[Stored records]
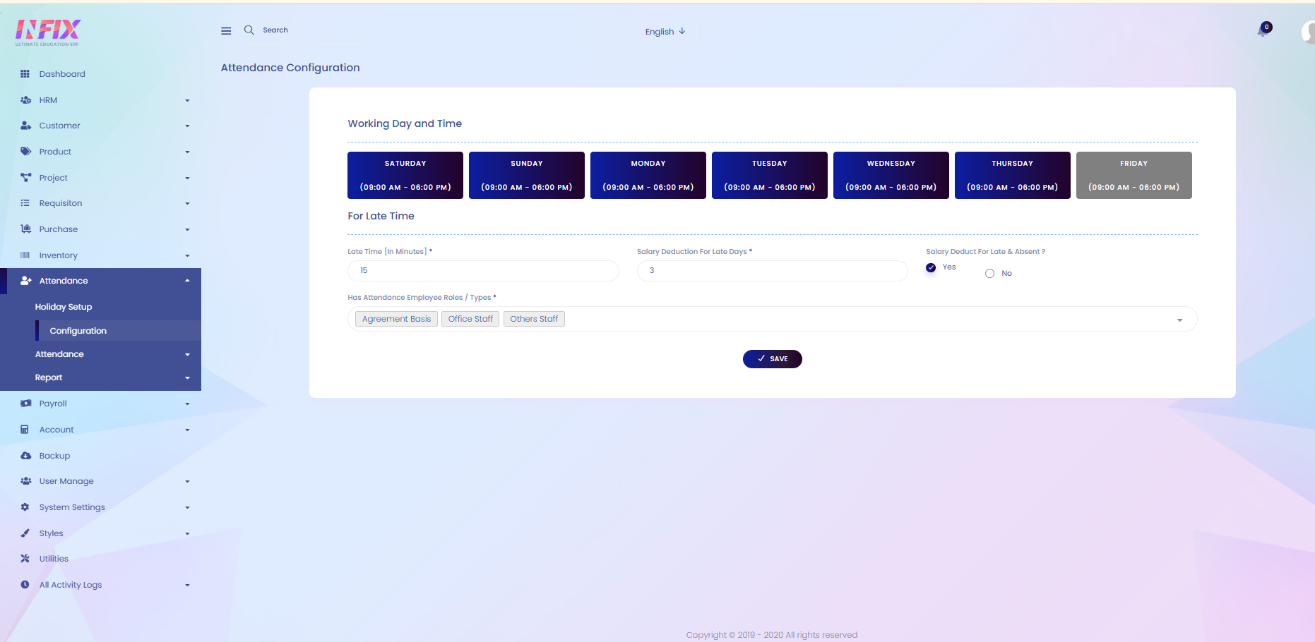 Has Attendance Employees Roles/Types: Assign employee roles or types for attendance tracking.
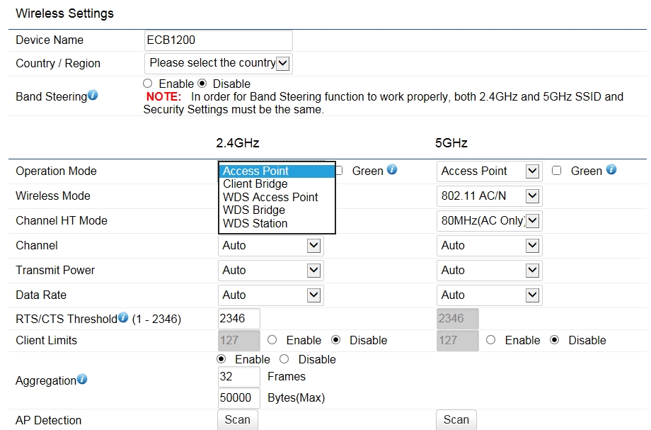 ส่วนหน้าจอนี้ จะมีการแจ้งว่า ถ้าจะให้ Band Steering ทำงานได้อย่างเต็มประสิทธิภาพ ทั้ง 2.4GHz และ 5GHz จะต้องตั้งค่า SSID ในส่วนของ Security Setting เหมือนกัน
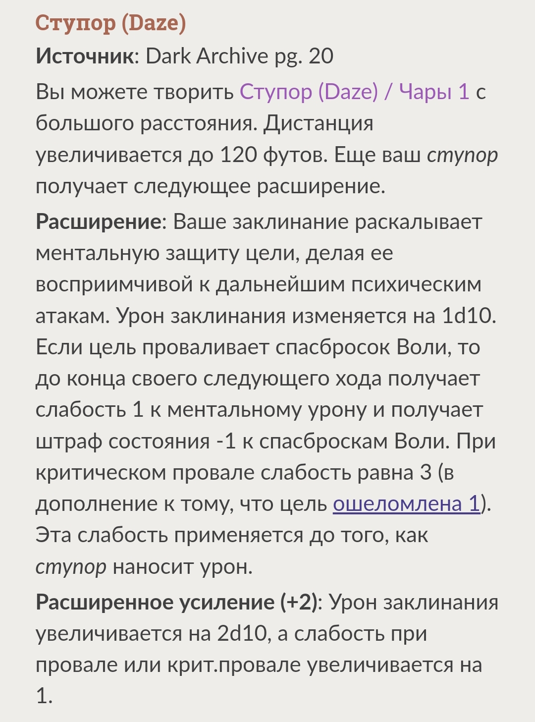 Кантрип экстрасенса ступор. Читаю эффекты по очереди. Сначала наношу урон, равный своей характеристике колдовства, только после цель совершает спасбросок. При расширении, пикрил, спасбросок проходит на дополнительный урон, 1к10, при провале 1к10 + мод. колдовства. Я все правильно понял? Или весь итоговый урон изменяется на 1к10? 3) Наследие кукла имеет признак конструкт. Когда ОЗ конструктов опускается до 0, существо-конструкт уничтожено. Это значит, что механика бросков кубиков для стабилизации, состояния ранен/при смерти, не будут играть роли? Играя за куклу, с 0 оз я сразу умираю?
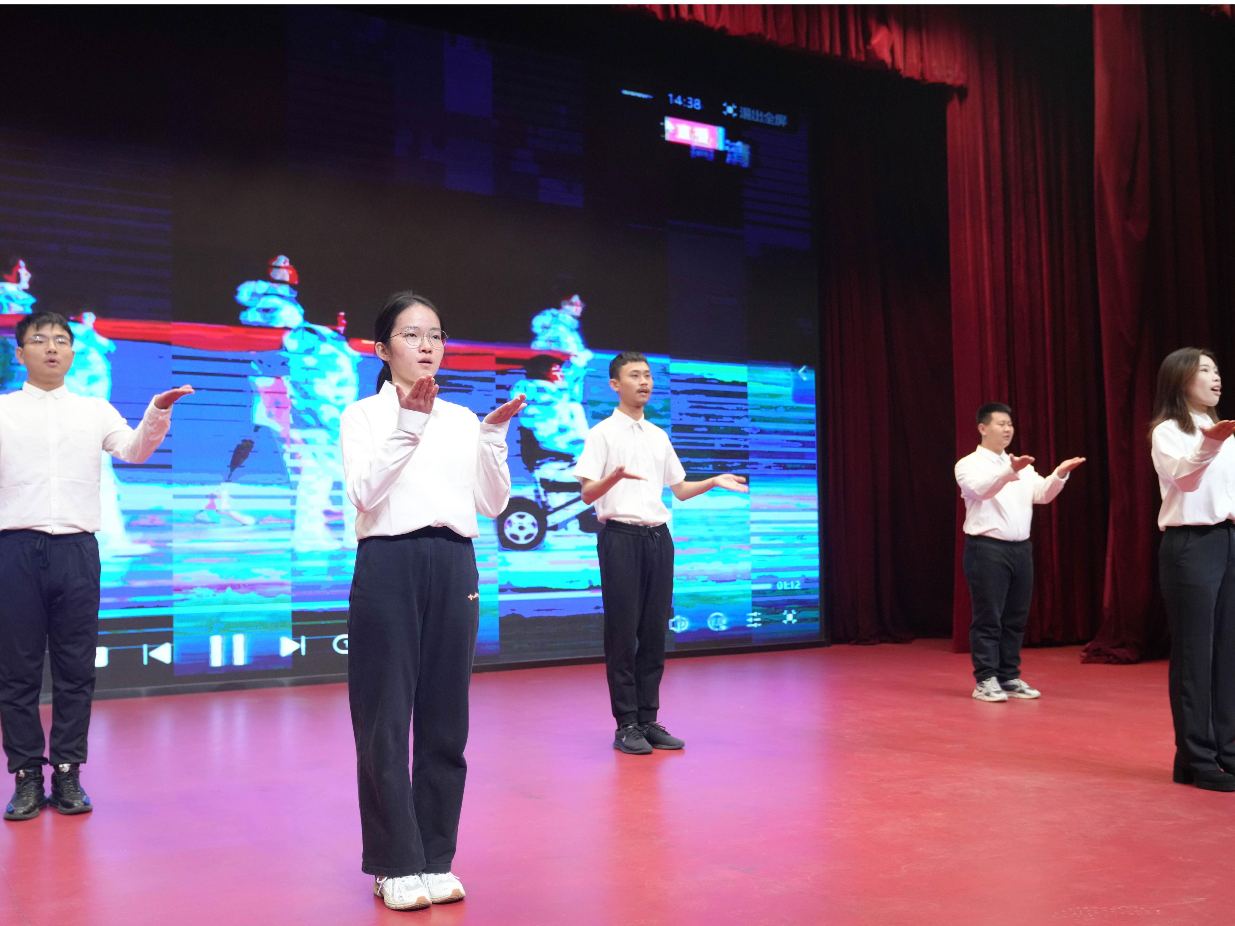 这场“大思政课”开在北京联合大学特教学院报告厅内。台上台下用标准的国家通用手语“唱”国歌的,就是特教学院的师生们,他们曾把手语国歌“唱响”在2022年冬残奥会开幕式上。
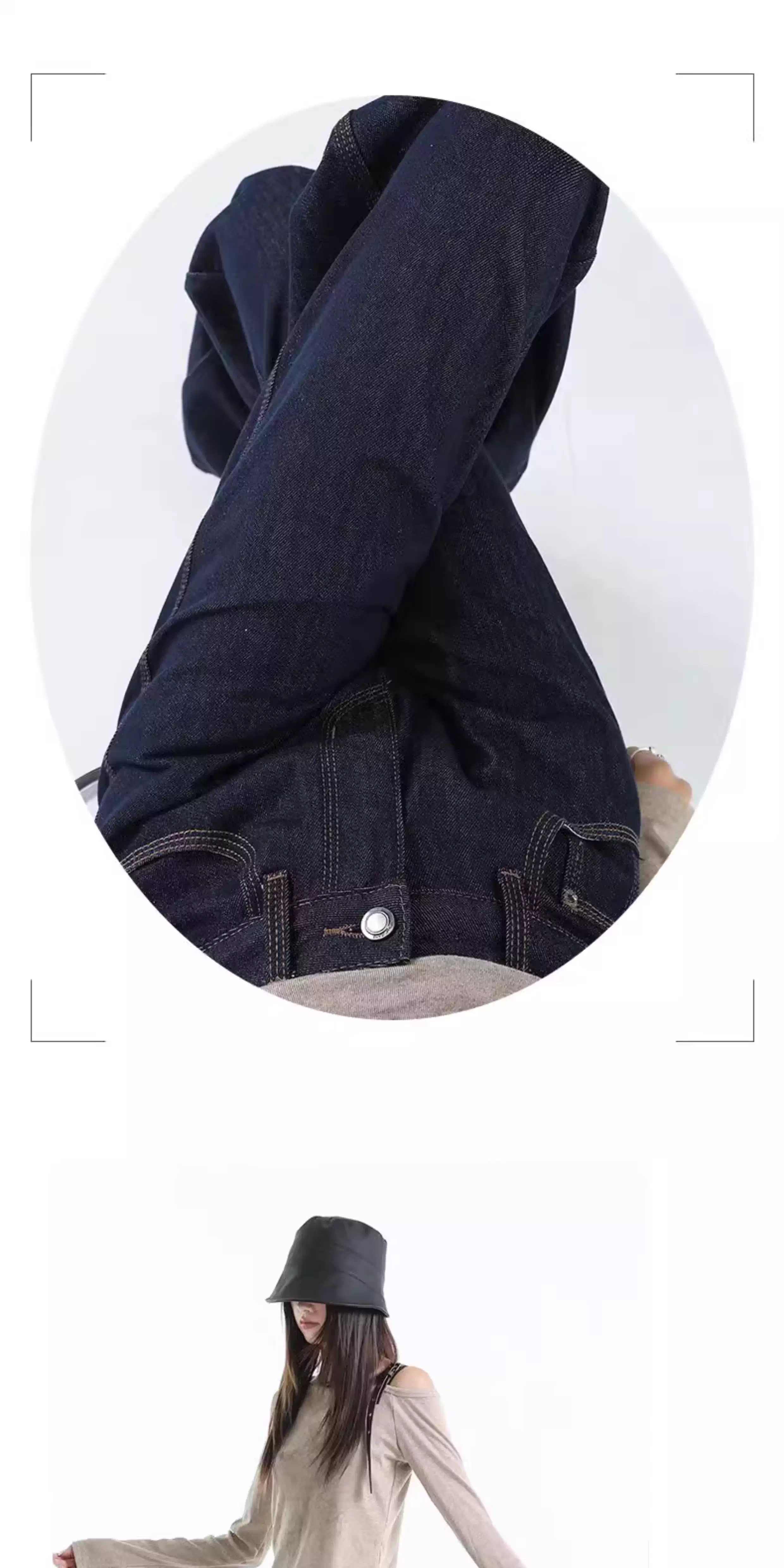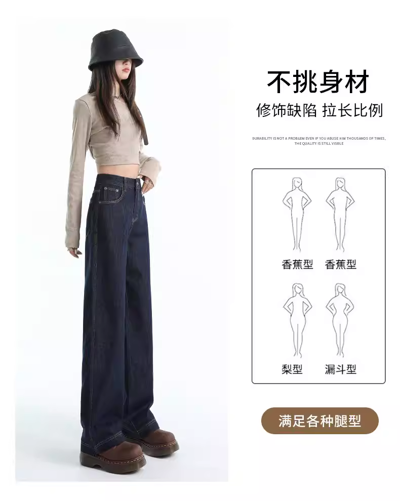 - Quần jeans ống rộng lót lông màu xanh đậm La Chapelle dành cho nữ, mùa thu đông 2025, kiểu dáng mới, cạp cao, dáng thẳng, size nhỏ

About this exercise:
Any pictures above are to be left out. Retype the rest of the records exactly.

Reply:
 Has Attendance Employees Roles/Types: Assign employee roles or types for attendance tracking.
 ส่วนหน้าจอนี้ จะมีการแจ้งว่า ถ้าจะให้ Band Steering ทำงานได้อย่างเต็มประสิทธิภาพ ทั้ง 2.4GHz และ 5GHz จะต้องตั้งค่า SSID ในส่วนของ Security Setting เหมือนกัน
 Кантрип экстрасенса ступор. Читаю эффекты по очереди. Сначала наношу урон, равный своей характеристике колдовства, только после цель совершает спасбросок. При расширении, пикрил, спасбросок проходит на дополнительный урон, 1к10, при провале 1к10 + мод. колдовства. Я все правильно понял? Или весь итоговый урон изменяется на 1к10? 3) Наследие кукла имеет признак конструкт. Когда ОЗ конструктов опускается до 0, существо-конструкт уничтожено. Это значит, что механика бросков кубиков для стабилизации, состояния ранен/при смерти, не будут играть роли? Играя за куклу, с 0 оз я сразу умираю?
 这场“大思政课”开在北京联合大学特教学院报告厅内。台上台下用标准的国家通用手语“唱”国歌的,就是特教学院的师生们,他们曾把手语国歌“唱响”在2022年冬残奥会开幕式上。
 - Quần jeans ống rộng lót lông màu xanh đậm La Chapelle dành cho nữ, mùa thu đông 2025, kiểu dáng mới, cạp cao, dáng thẳng, size nhỏ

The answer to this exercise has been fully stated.